Taiwan Semiconductor Manufacturing Company (TSMC) has raised the stakes in its lawsuit against Semiconductor Manufacturing International Corp (SMIC), making fresh accusations that drew an angry response from its mainland rival.
In new filings to the United States District Court of Northern California this week, TSMC accused SMIC of luring TSMC employees with hefty stock awards and options, and inducing them to steal company trade secrets.
The company filed the court documents in response to a February 17 motion to dismiss, filed by SMIC. The mainland chipmaker argued the US court had no jurisdiction over the trade secret dispute.
According to the Taiwanese chipmaker, SMIC lured 'key technical and sales employees with substantial offers of stock, solicited them to steal and disclose TSMC's process and other proprietary information, and then used that information to unfairly compete [with TSMC]'.
One TSMC manager alleged SMIC offered TSMC employees 50,000 shares and 50,000 options, while senior employees could receive 80,000 shares and 80,000 options. New recruits were expected to bring SMIC 'presents' consisting of TSMC's technical information.
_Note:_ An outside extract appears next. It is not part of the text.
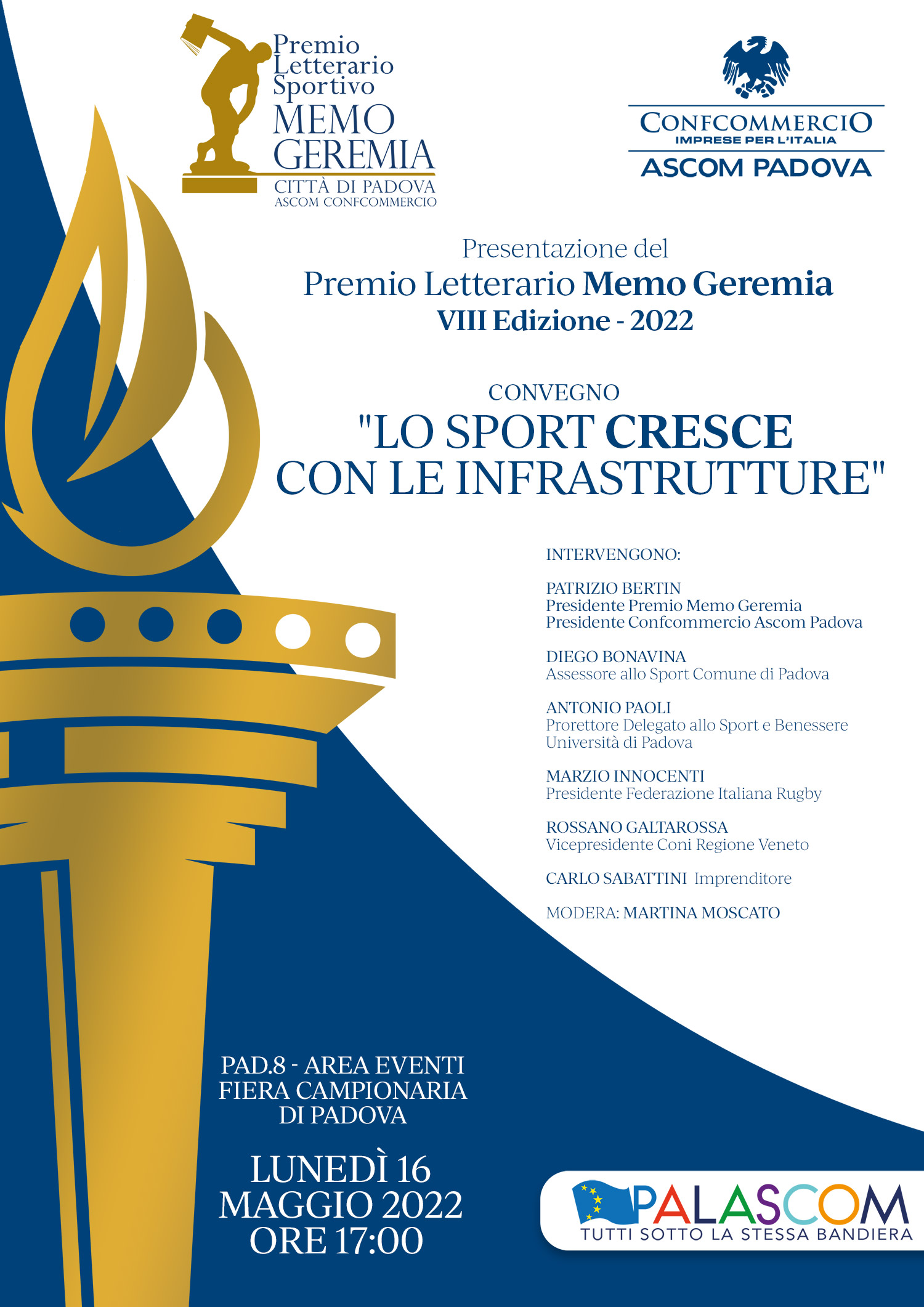 Ad anticipare le mosse dell’edizione 2022 del premio che nella passata edizione ha visto Sinisa Mihajlovic e Andrea Di Caro aggiudicarsi l’ambito riconoscimento, interverranno, oltre a Patrizio Bertin, presidente dell’Ascom Confcommercio (che del premio è titolare); Rossano Galtarossa, vicepresidente del Coni regionale e presidente della giuria del “Memo Geremia”; Diego Bonavina, assessore allo sport del Comune di Padova; Antonio Paoli, prorettore delegato allo sport e benessere dell’Università di Padova; Marzio Innocenti, presidente della Federazione Italiana Rugby e Carlo Sabattini, imprenditore.

SMIC yesterday described the filings as a 'courtroom smear campaign' and said it would prepare a response by April 9. 'SMIC is confident of its defences and will vigorously defend itself it court,' it said.
TSMC's filings contained several affidavits from former SMIC employees, one of whom said it 'was no secret that TSMC process information was being used' at SMIC's plants in Shanghai.